Saturday, August 09, 2008

The Environmental Trail #1

My first big steps down the trail of environmental consciousness were through the book "Serve God, Save the Planet," but really I was preparing for those steps throughout my life. Appreciating the beauty, fragility and interconnectedness of nature as a whole has long been a part of my life through early camping trips with my family, campouts with the Boy Scouts, and then adventures planned by my friends and me. So if you really wanted to follow or just understand the process that brought me here, to my current thoughts, you really need to start out there. Go walk in the woods. Go float a river. Fly a kite. Watch birds. Sleep under the stars in your backyard. Visit a national park.

I think that going to these places, experiencing these "outdoor" type things, is more than just appreciating the beauty of the world around us, although that is a very good reason to go do those things. Instead, I think the importance comes more from the act of remembering that these places foster.

When we live in cities, in suburbs, we forget that we are actually dependent on the nature around us for our very survival. Food does not magically spring up at grocery stores. Gasoline does not condense out of the air into the fuel pumps. Electricity does not spontaneously and naturally flow through the wires that run to our houses and places of employ. Everything we do depends intimately on the natural world. Everything we see, whether a house, a car, a pair of Nike shoes, or the fajitas you ate last night for dinner, all of it comes from Nature. Someone mined the metal, harvested the grain, raised the beef, cut the trees...whatever the base product might be.

The processes that companies use to give us our modern conveniences affect us in myriad ways. The electricity that runs a factory comes from coal that was strip mined out of hills - probably in West Virginia or other Appalachian states. Many of the machines that mill, stitch, or assemble require some kind of cooling...which usually comes from our streams and lakes. This water is fed in, and used to cool down the machines, making the water hot. It goes back into the source from which it was drawn. And that is the most benign interaction with the local water ways. Chemicals might be added in order to dye or treat fabrics, to wash products, to make a special finish. This chemical water solution will often be dumped back into the rivers and lakes. Heat and air and vapors from chemical processes are also loosed into the air, floating on air currents to surrounding areas, or countries a world away.

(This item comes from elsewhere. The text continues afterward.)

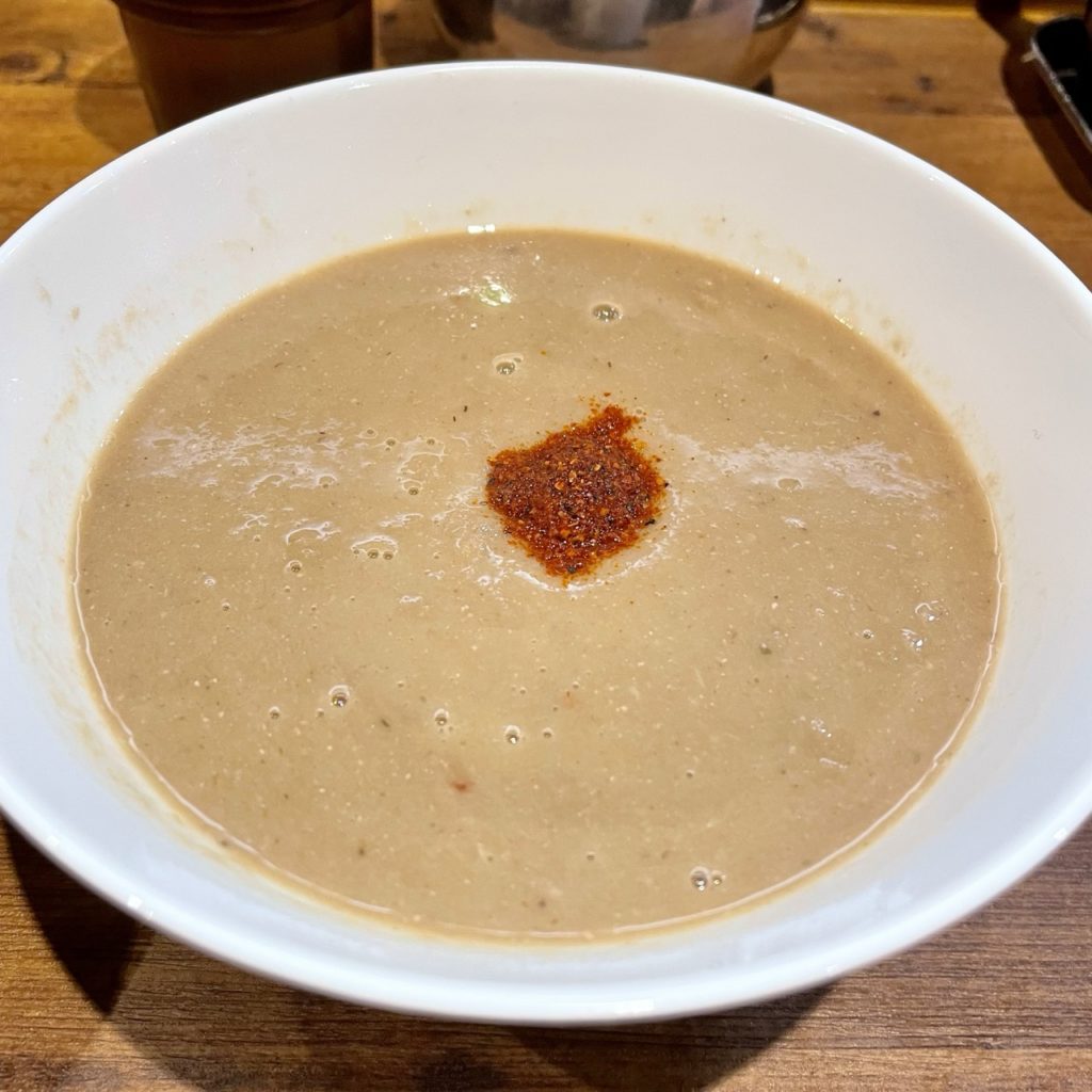 つけ汁側にはトッピングは無く一味のみ。
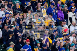 Seattle Mariners fans cheer after Game 5 of baseball's American League Championship Series against the Toronto Blue Jays, Friday, Oct. 17, 2025, in Seattle. (AP Photo/Lindsey Wasson)

These interactions are found just in the creation of a product. Our air, our water, our land is forever altered by each and every thing we create.

So when I read "Serve God, Save the Planet" I already had a sense of this interdependence. SGSP serve to take that interdependence and make it tangible. I had numbers - quanities of waste, cost of electricity. I had stories - devastating increases in environmental diseases and the damage they wrought on families. Most importantly, I also had solutions - I had actions, choices, presented in such a way that my own impact, while small, was still significant.

I began to conserve.

3 comments:

Adam said...

I assume you will be taking us along and describing your major changes (or minor ones that add up).

I will start... Not that I didn't have the desire to recycle before, but because of a recent visit by a good tall guy, we now have a paper bag full of items ready to be recycled.

Dana said...

Hello,

Cory Driver suggested I talk with you soon. I'm a senior at Purdue and applying for Teach For America. If you have some time this month, I would really appreciate hearing your experiences. My e-mail address is drslater@purdue.edu.

Thanks,
Dana Slater

TonyB said...

jake~

you better start posting on this blog again or else i will stop checking it. :) that is a threat from a friend.